Although he has participated as an actor in productions like MV SNL, this year was Chamraj’s first time being a stage manager for an MV Drama production. With online drama management being a new experience for him, he doesn’t think the adjustment from in-person to online was too turbulent because of how social media made it easy to contact fellow cast members.  

“The main role as stage manager is to communicate with everyone,” Chamraj said. “And communication [is] not as big of a jump between in-person and online. Obviously, you can’t talk to people in person and you have to do everything virtually, so I did adapt a little bit but it wasn’t that bad.”

Chamraj says he enjoyed being a stage manager because he was able to work with multiple departments and see how everything came together. He believes that, if given the opportunity again, he would take on the role in the future because of his positive experience with Gould and his fellow cast members. 

Even with the help of stage managers, Gould found the process of working with Zoom to be frustrating at times, especially in editing the sound and video and communicating with the cast. 

“It’s like, instead of sending somebody an email, you’re using a can with a string and another can — that’s what directing online feels like,” Gould said. “Or even like playing telephone, where you say the same word around the [circle] and the message changes. So there are things that get lost, there are things that you’re like, ‘You know what, it’s good enough.’ And normally, I would not have said it’s good enough. I would [have been] like, ‘No, it has to be perfect.’”

While she believes certain things would always be lost in translation when working around the issues of Zoom, Gould is still happy with the completed video of “The Misanthrope.” While producing it, she chose to prioritize the process of creating the play for cast members over the precision of the play itself, to help students gain theatre experience.

Graphic by Ishaani Dayal

“There were a lot of little compromises throughout the process, that you always had to ask, ‘OK, am I going to do this to optimize the technology?’” Gould said. “Or ‘Am I going to do this to optimize the actor and human experience?’ And in almost every single one of those cases I chose the human experience. Because that’s the point, right? It’s a play to learn how to do theater; it’s not really a professional film.”
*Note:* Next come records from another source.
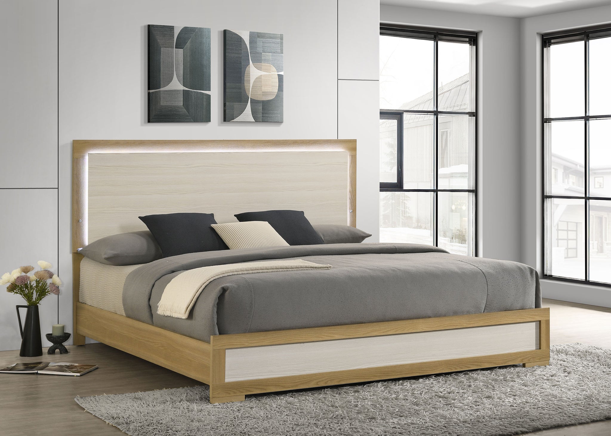 Transform your bedroom into a modern sanctuary with this stunning panel bed. Inspired by contemporary Italian design, the bed features a sophisticated blend of natural wood tones and crisp white panels crafted from durable, easy-care melamine. The headboard, adorned with integrated LED touch lighting, offers a gentle ambient glow that enhances the tranquil atmosphere of your space. This bed's contemporary elegance, combined with its practical design, ensures a restful night's sleep and a chic focal point in your bedroom. Elevate your home decor with this exceptional piece, designed to combine comfort and beauty seamlessly.
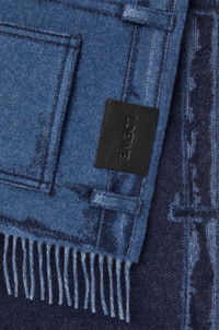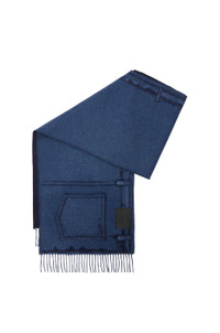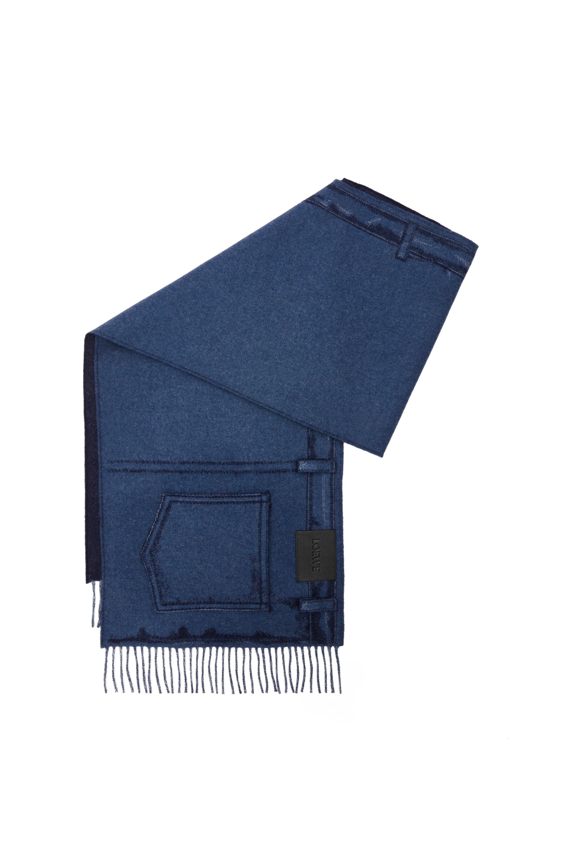 Scarf crafted in double face wool and cashmere blend. - 38cm x 180cm - Trompe l’oeil jean pattern - Fringed edges - LOEWE leather patch placed on the corner Details - Colour : Jeans Blue - Main material : Wool/Cashmere - Weight : 0.163 kg - Height (cm) : 180 - Width (cm) : 38 - Height (inch) : 70.9 - Width (inch) : 15 - Model ID : FSA4SS1X02 - CIL : - 0011238748 - Made in : United Kingdom
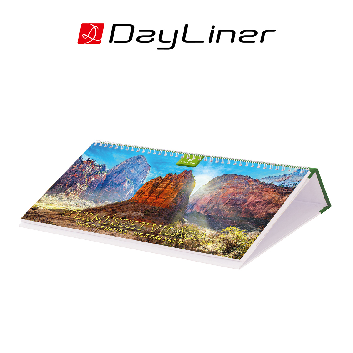 Természet világa, fehér lapos fekvő asztali naptár, 54 db színes képpel.
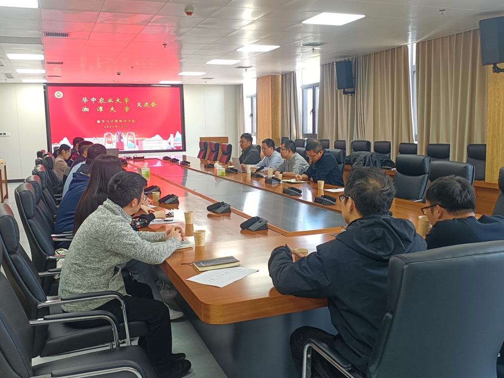 2024年10月24日下午2点30分,成人短视频 A418会议室迎来了一场重要的学术交流活动。来自华中农业大学信息学院的章文院长/教授、胡学海教授/大数据系系主任、刘世超副教授、牛晓辉副教授等四位知名学者访问成人短视频 ,双方就大数据专业的建设与发展进行了深度探讨。
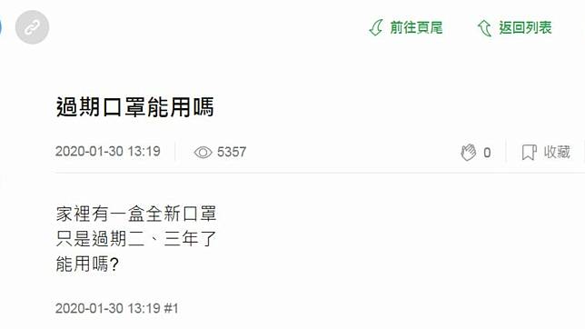 網友在論壇《mobile01》發文詢問「過期口罩能用嗎?」,並說「家裡有一盒全新口罩,只是過期二、三年了,能用嗎?」引發熱議,口罩過期就沒有防護力了嗎?看來不少人都有相同疑惑。
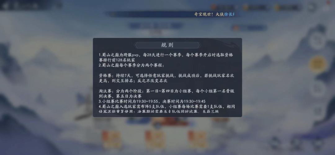 第一阶段,资格赛,类似于比武大会的标准模式,每位玩家可布置3队。这个类似于比武大会的前置部分,还是3局2胜制,可以赛马,战力不足的朋友可以选择田忌赛马的方法为自己取得比较好的名次,不过格外注意的是在最后一天结算的时候防止被偷塔需要守一下自己的名次。只选取128位可以参加正式的蜀山之巅比赛。另外还需要关注的一点就是资格赛的排名也决定了后面蜀山之巅的排名,比如大家后面都是蜀山之巅正赛第一轮就被淘汰,那么你资格赛的排名就决定了你的最后蜀山之巅排名。
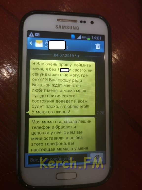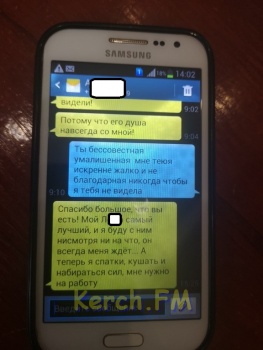 Через 2 часа на мой телефон стали приходить от нее смс о том, что она безумно любит моего сына и просит не разлучать ее с ним, при этом говорила, что своя мать доведет ее до психушки. Потом в пылу неизвестно чего написала, что я буду хоронить своего сына. Потом еще были смс о том, что она выкладывает фото своего тела в интернет и будет писать, что ее изнасиловали», - рассказала керчанка.
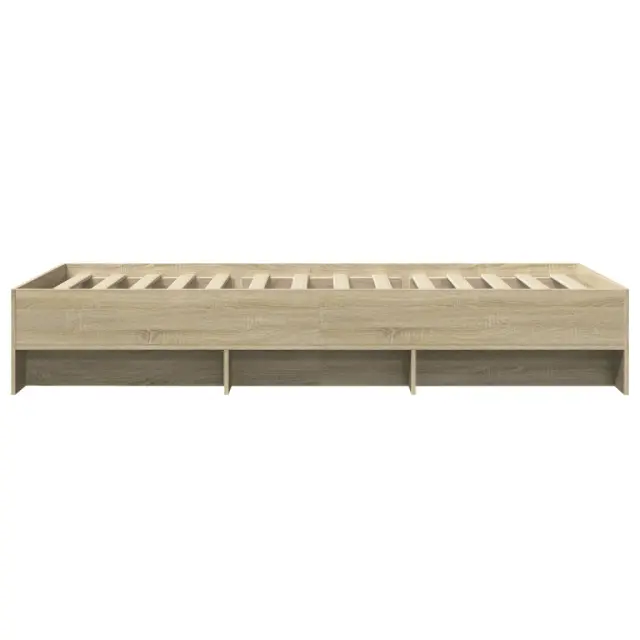 Zagotovite si boljši spanec s tem posteljnim okvirjem! Je prijeten dodatek za vsako spalnico. Vzdržljiv material: Posteljni okvir je izdelan iz inženirskega lesa. Inženirski les se ponaša z izjemno kakovostjo, gladko površino ter močjo, stabilnostjo in odpornostjo na vlago.Podnožje z letvami za optimalno podporo: Za podporo in zračnost ležišča je posteljni okvir opremljen z letvenim dnom.Funkcija shranjevanja: Ta posteljni okvir ima odprte predelke za dobro organizacijo revij, knjig, igrač in drugih manjših predmetov. Dobro je vedeti:Vzmetnica ni priložena tej postelji. Ponujamo različno izbiro ležišč. V naši trgovini si lahko ogledate ustrezne vzmetnice.Barva: Sonoma hrastMaterial posteljnega okvirja: Inženirski lesMaterial letvic: Vezan lesCelotne dimenzije: 203 x 93 x 35 cm (D x Š x V)Dimenzije predelka (vsak): 68,5/60 x 18,5 x 15 cm (D x Š x V)Velikost primerne vzmetnice: 90 x 200 cm (Š x D) (vzmetnica ni priložena)Potrebno sestavljanje: Da
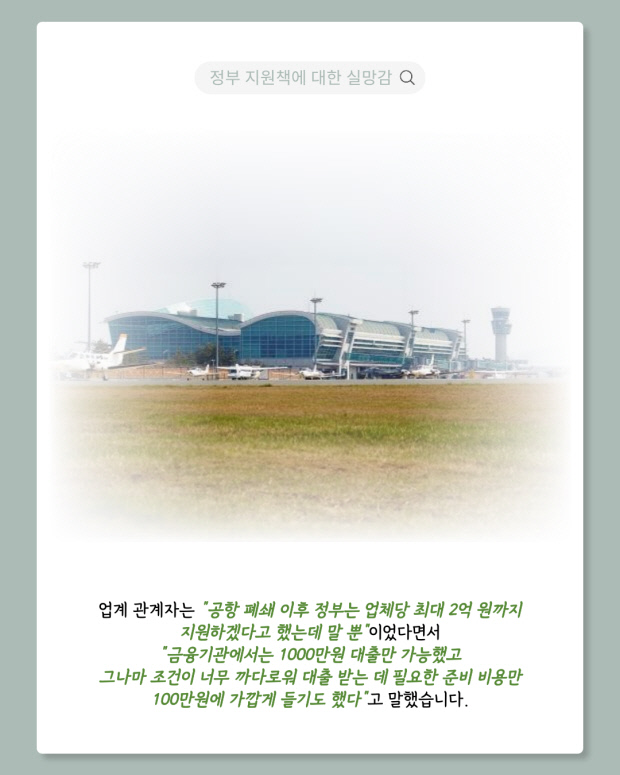 공항 폐쇄에도, 여행업 외에 달리 할 게 없어 ‘나홀로 여행사’ 식으로 버티는 경우도 적지 않습니다.
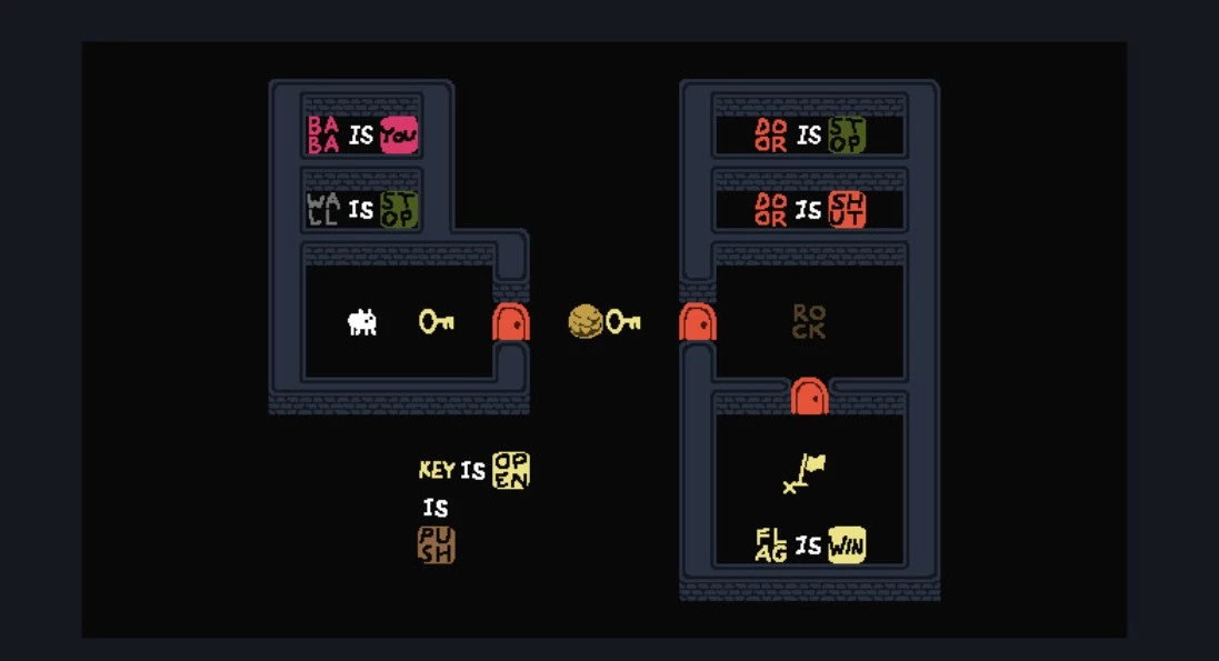 Здесь вместо перемещения блоков вы двигаете слова, которые представляют собой правила, действующие на каждом уровне. Это можно описать как взаимодействие с частью игрового кода в режиме реального времени.

Gould believes that putting together “The Misanthrope” was an invaluable experience, even in remote learning.

“There are studies that have been done, where people hooked up heart monitors to people in the audience,” Gould said. “And everybody’s heart starts beating at the same rhythm when they’re watching a play. That doesn’t happen for the actors and it doesn’t happen for the audience when it’s online. And so that makes it harder, but it’s still better than not doing it. I would still so much rather talk to [someone] through a can with a string than not talk to them.”